Recovering from error conditions is a normal task associated with application programming, system administration, database administration and system operation. Distributing databases over several remote servers increases the potential for error resulting from network or communications failures. To ensure data integrity, the database manager provides the two-phase commit process, which is illustrated in Understanding the Two-Phase Commit Process (points (10), (11), and (12). The following explains how the database manager handles errors during the two-phase commit process:
If a database communicates that it has failed to prepare to commit the unit of work, the database client will roll back the unit of work during the second phase of the commit process. A prepare message will not be sent to the transaction manager database in this case.
During the second phase, the client sends a rollback message to all participating databases that successfully prepared to commit during the first phase. Each database then writes an "ABORT" record to its log file, and releases the locks that were held for this unit of work.
Error handling at this stage is dependent upon whether the second phase will commit or roll back the transaction. The second phase will only roll back the transaction if the first phase encountered an error.

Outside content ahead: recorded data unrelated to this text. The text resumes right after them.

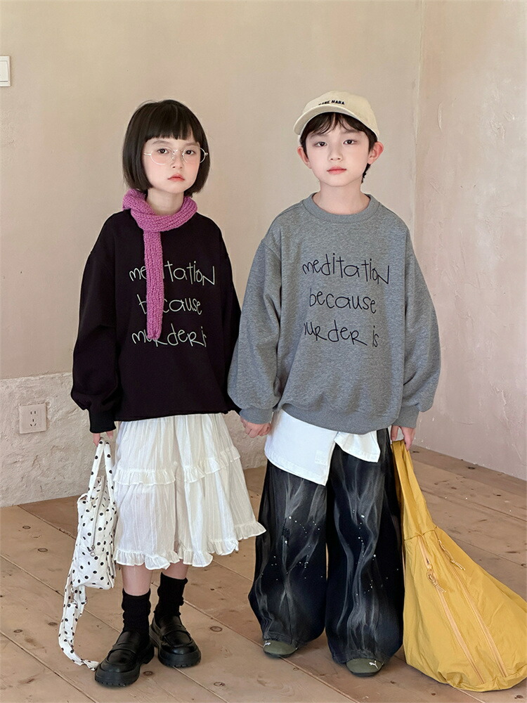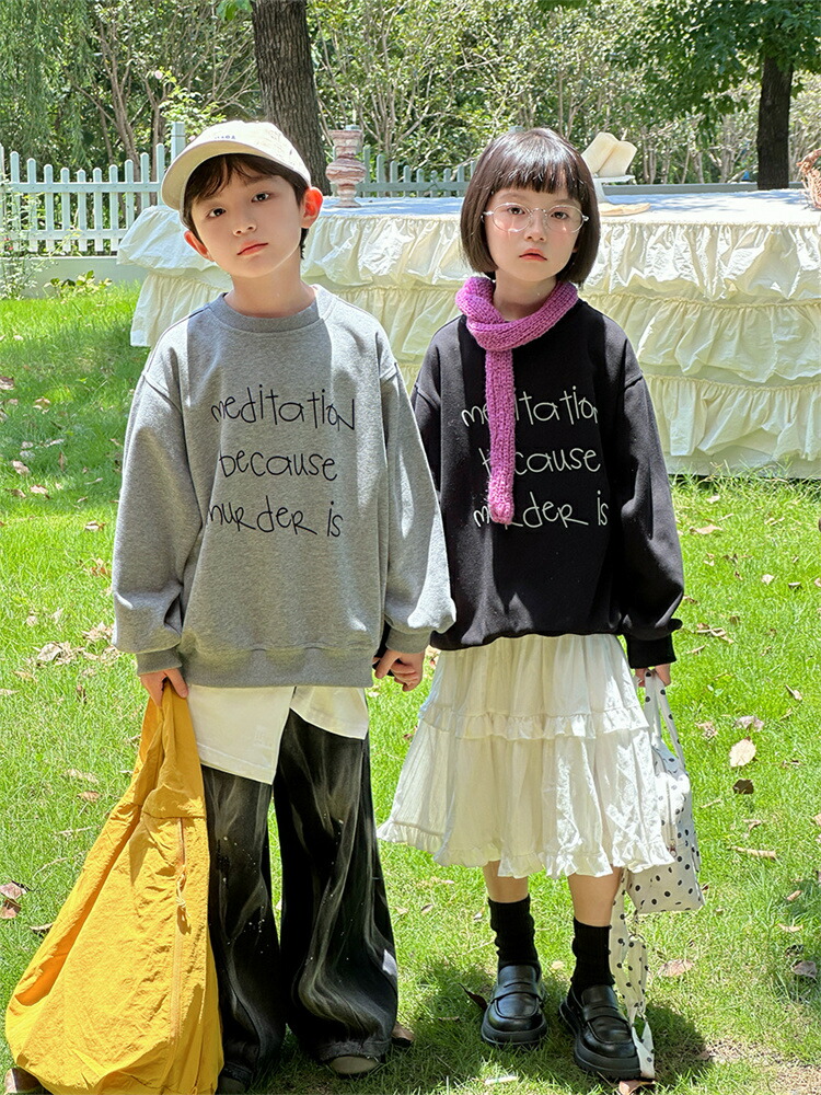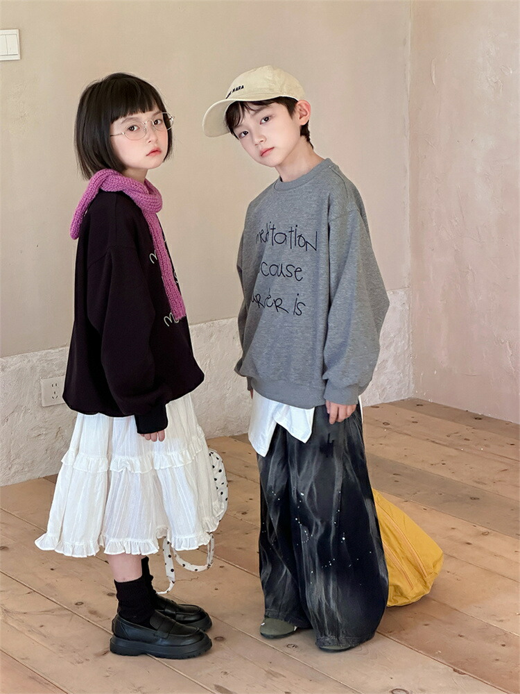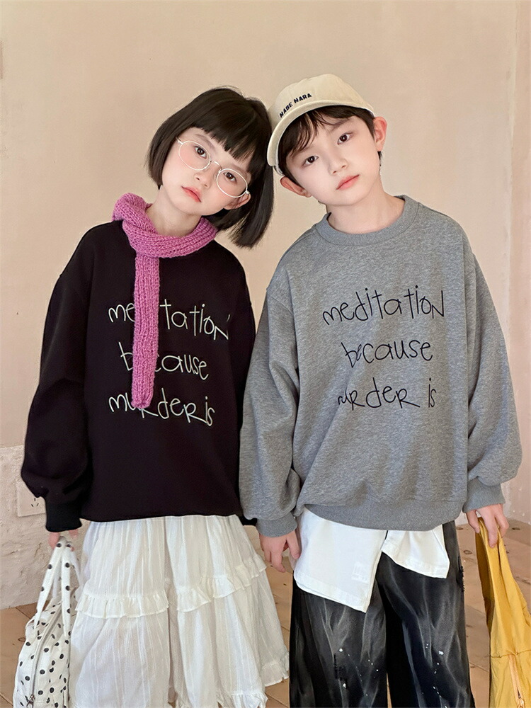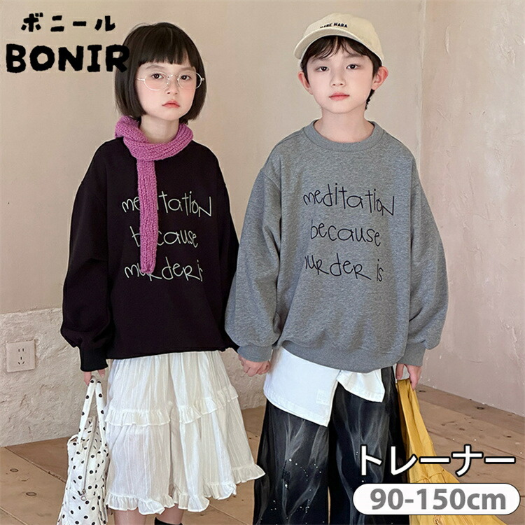 韓国子供服 トレーナー 裏起毛 グレー キッズ ベビー マタニティ 豊富 グレー 黒 90 100 110 120 130 140 150
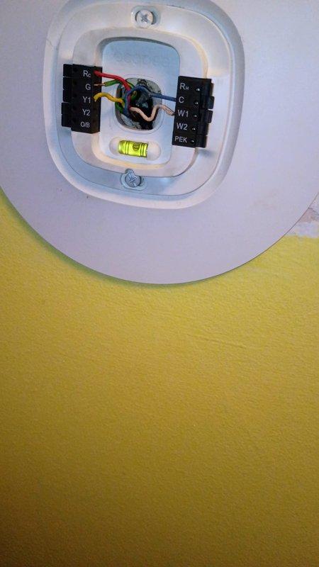 Performed planned maintenance on heat pump system that was experiencing inconsistent operation. Upon arrival, inspected the thermostat installation, which required removing the unit from its mounting plate to access terminal connections. Verified proper wiring configuration at the thermostat control board (Rc, G, Y1, Y2, OB terminals) and confirmed all connections were secure. System testing after service confirmed proper heat pump cycling and temperature control restoration.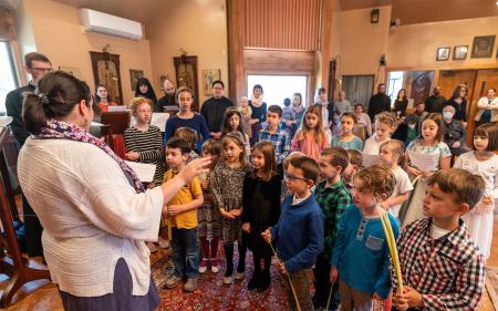 APRIL: Seminary children sang the Troparion for Palm Sunday in preparation for the festal procession.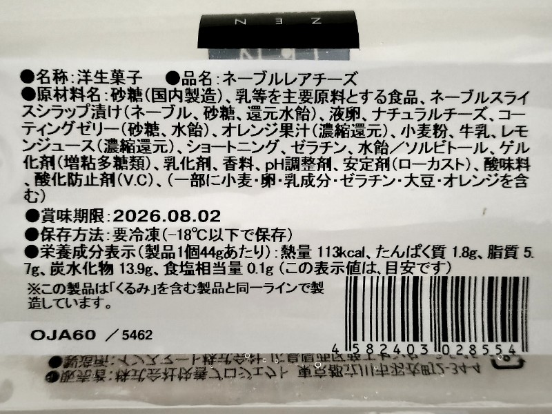 原材料名や栄養成分表示など。ネーブルレアチーズ1個あたりのカロリーは113kcal。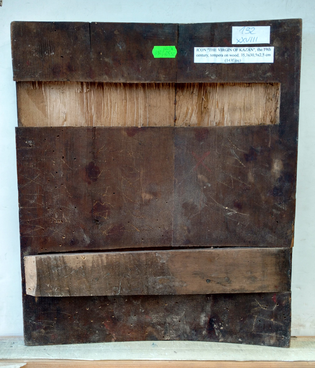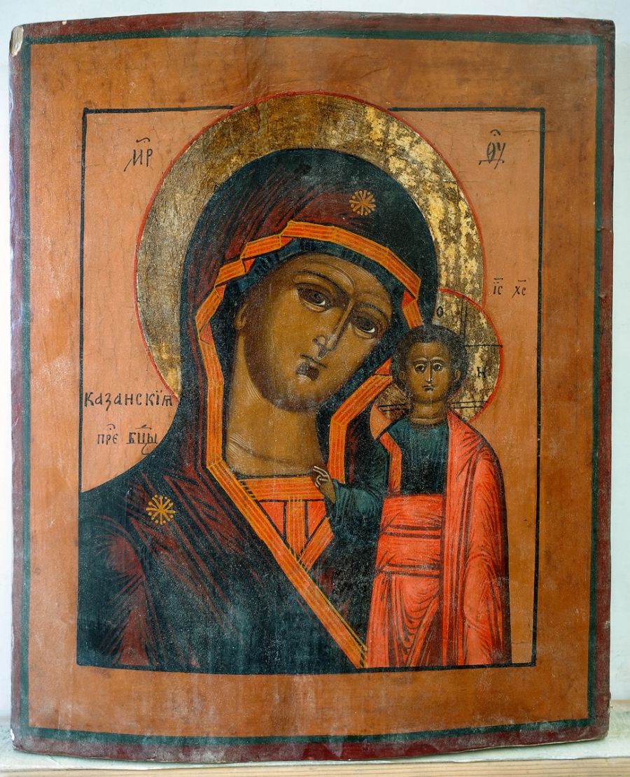 Our Lady of Kazan, is a holy icon of the highest stature within the Russian Orthodox Church and considered a palladium of Russia for centuries, until its theft and likely destruction in 1904. The icon represents the Virgin Mary as the protector and patroness of the city of Kazan. It is a close-up variant of the Hodegetria (Directress) style, it is noted mainly for the Child standing, with the Virgin chest-length. The Kazan icons are traditionally small, following the original. The Kazan icon was very popular in Russia, especially as a wedding gift, and many copies were made in the design of the original. Two major Kazan Cathedrals, in Moscow and St. Petersburg, are consecrated to Our Lady of Kazan, as are numerous churches throughout the land. Her feast days are July 21 and November 4.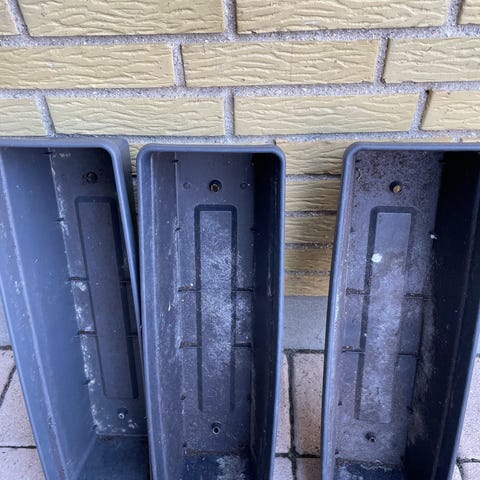 Altankasser fra ikea, der hænges i 2 beslag til væggen. Den ene kasse mangler et beslag.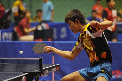 6月18日,北京铜牛(黄)队选手刘淼在比赛中。当日,在唐山举行的2009年中国乒乓球俱乐部甲A比赛(第二站)男子团体第一阶段比赛中,北京铜牛(黄)队以3比0战胜上海冠生园队。 新华社记者王民摄

If one of the participating databases fails to commit the unit of work (possibly due to a communications failure), the transaction manager database will retry the commit on the failed database. The application, however, will be informed that the commit was successful through the SQLCA. DB2 will ensure that the uncommitted transaction in the database server is committed. The database manager configuration parameter resync_interval (see Chapter 32, Configuring DB2) is used to specify how long the transaction manager database should wait between attempts to commit the unit of work. All locks are held at the database server until the unit of work is committed.
If the transaction manager database fails, it will resynchronize the unit of work when it is restarted. The resynchronization process will attempt to complete all indoubt transactions; that is, those transactions that have finished the first phase, but have not completed the second phase of the commit process. The database manager associated with the transaction manager database performs the resynchronization by:
If one of the participating databases fails and is restarted, the database manager for this database will query the transaction manager database for the status of this transaction, to determine whether the transaction should be rolled back. If the transaction is not found in the log, the database manager assumes that the transaction was rolled back, and will roll back the indoubt transaction in this database. Otherwise, the database waits for a commit request from the transaction manager database.
If the transaction was coordinated by a transaction processing monitor (XA-compliant transaction manager), the database will always depend on the TP monitor to initiate the resynchronization.
If, for some reason, you cannot wait for the transaction manager to automatically resolve indoubt transactions, there are actions you can take to manually resolve them. This manual process is sometimes referred to as "making a heuristic decision". For more information about manual recovery of indoubt transactions, see Making a Heuristic Decision.
For configuration considerations in the DB2 Universal Database two-phase commit environment, see Other Configuration Considerations.
In particular, if the autorestart database configuration parameter is set to OFF, and there are indoubt transactions in either the TM or RM databases, the RESTART DATABASE command is required to start the resynchronization process. When issuing the RESTART DATABASE command from the command line processor, use different sessions. If you restart a different database from the same session, the connection established by the previous invocation will be dropped, and must be restarted once again. Issue the TERMINATE command to drop the connection after no more indoubt transactions are returned by the LIST INDOUBT TRANSACTIONS command.